Information Note Outlines Objectives, Timeline for UN 2019 Climate Action Summit

UN Secretary-General António Guterres has published an information note detailing the objectives of and the preparatory process for the UN 2019 Climate Action Summit. The Summit will focus on “sectors that create the most emissions and the areas where building resilience will make the biggest difference.”
The Climate Action Summit will convene on 23 September 2019, in New York, US, one year before countries are expected to enhance their Nationally Determined Contributions (NDCs) under the Paris Agreement on climate change.
The action-oriented Summit will seek to increase ambition and accelerate action to implement the Paris Agreement through: raising national ambition, with countries presenting concrete, realistic plans to enhance their NDCs by 2020, and reducing emissions by 45% over the next decade and to net zero by 2050; encouraging transformative changes in a range of sectors to support implementation of the plans; and generating political momentum through enhanced social and political drivers and through youth and public engagement.

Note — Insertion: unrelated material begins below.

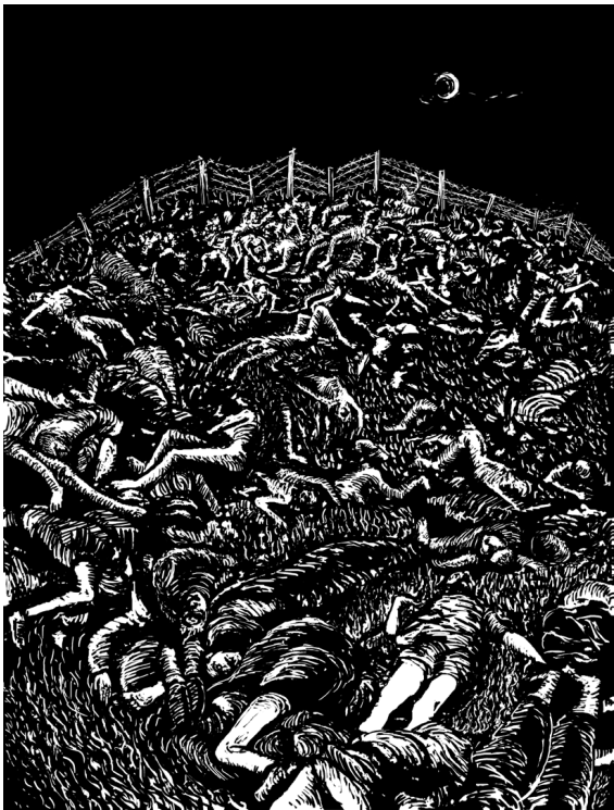
图4.2 饿殍遍野 插图 巴丢草

2006年6月4日，吉林省《新文化报》刊登了一篇报导——长春市绿园区青龙路附近一处正在挖掘下水管道的工地发现大量骨骸。报导说：“每一锹下去，都会挖出泛黄的尸骨。挖了4天，怎么也有几千具！”
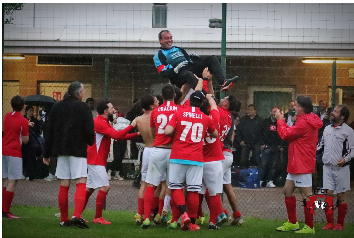
I giocatori del Teatro alla Scala festeggiano la vittoria nell'ultima edizione del Campionato a Vicenza.

The note explains that the Summit’s deliverables and initiatives that will be presented must be “implementable, scalable and replicable,” align with the goals of the Paris Agreement and include a range of stakeholders.
The Summit’s deliverables and initiatives that will be presented must be implementable, scalable and replicable.

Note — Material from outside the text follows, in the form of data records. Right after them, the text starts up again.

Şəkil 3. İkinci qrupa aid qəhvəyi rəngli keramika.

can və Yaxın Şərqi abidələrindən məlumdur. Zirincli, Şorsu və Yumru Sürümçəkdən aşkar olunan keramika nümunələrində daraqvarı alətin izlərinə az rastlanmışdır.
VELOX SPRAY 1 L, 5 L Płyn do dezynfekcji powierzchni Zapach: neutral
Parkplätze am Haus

The document outlines the nine interdependent tracks that will identify initiatives for the Summit, each supported by a coalition led by governments, civil society, the UN and other international organizations. These are:
* The Mitigation Strategy track that will focus on major emitters, led by Japan and Chile, with support from UNFCCC Executive Secretary Patricia Espinosa, UN Development Programme (UNDP) Administrator Achim Steiner and Vice-Chair of the Board of the UN Global Compact, Paul Polman;
* The Social and Political Drivers track that will focus on issues cutting across all other tracks, including health and just transition, and consider gender, climate and security and others, led by Peru and Spain, with support from the UN Department of Economic and Social Affairs (DESA), the International Labour Organization (ILO) and the World Health Organization (WHO);
* The Youth and Mobilization track that will streamline youth’s participation across all the tracks, led by the Marshall Islands and Ireland, with support from the UN Secretary-General’s Envoy on Youth;
* The Energy Transition track that will focus on accelerating energy transition, including by boosting renewable energy, energy efficiency, energy storage, access and innovation, and mobilizing investments for the transition, led by Denmark and Ethiopia and supported by Sustainable Energy for All (SEforAll);
* The Resilience and Adaptation track that will focus on integrating climate risks into public and private sector decision making to ensure food, water and job sustainability, prevent disasters and enable post-disaster recovery, led by Egypt and the UK, with support from UNDP;
* The Nature-based Solutions track, addressing forests and land-based ecosystems, smart agriculture and food systems, and regenerating life in rivers, lakes and oceans, led by China and New Zealand, with support from the UN Environment Programme (UNEP) and David Nabarro, Strategic Director of Skills, Systems and Synergies for Sustainable Development;
* The Infrastructure, Cities and Local Government track, focusing on scaling commitments related to low-emission and resilient infrastructure, led by Turkey and Kenya, with support from the UN Human Settlements Programme (UN-Habitat);
* The Climate Finance and Carbon Pricing track that will focus on delivering on the existing commitments of providing USD 100 billion annually by 2020 for mitigation and adaptation, led by France, Jamaica and Qatar, with support from the World Bank; and
* The Industry track, focusing on stronger commitments from hard-to-abate sectors, led by India and Sweden, with support from World Economic Forum (WEF).
Benchmarks for selection criteria for the initiatives, the note reports, are based on: transformational impact; sustainable development co-benefits; replicability and scalability; measurability and implementability; and innovation and visibility.
The note outlines the tentative timeline and key dates for the Summit. The UN Secretary-General’s Special Envoy for the Summit, Luis Alfonso de Alba, and the nine coalitions will present an initial list of Summit outcomes on 30 April and a revised, longer list of outcomes on 15 May. The Special Envoy will then present the refined criteria for ambition on 15 June, in advance of a preparatory meeting for the Summit, which will convene in Abu Dhabi, United Arab Emirates (UAE), from 30 June 2019 to 1 July 2019. The meeting will include a presentation of a list of Summit outcomes, and provide the opportunity to select proposals to be presented at the Summit.
Summit events in or around UN Headquarters will take place from 21-22 September, and include presentations of the broader work of the coalitions’ initiatives. On 23 September, the day of the Summit, only the most ambitious proposals for climate action and implementation will be presented.
A Chair’s summary will capture the initiatives and commitments showcased at the Summit. Follow-up arrangements will track progress, ensure accountability and facilitate implementation of the Summit’s proposals. The 25th session of the Conference of the Parties (COP 25) to the UNFCCC will provide the first opportunity to review progress on commitments made at the Summit.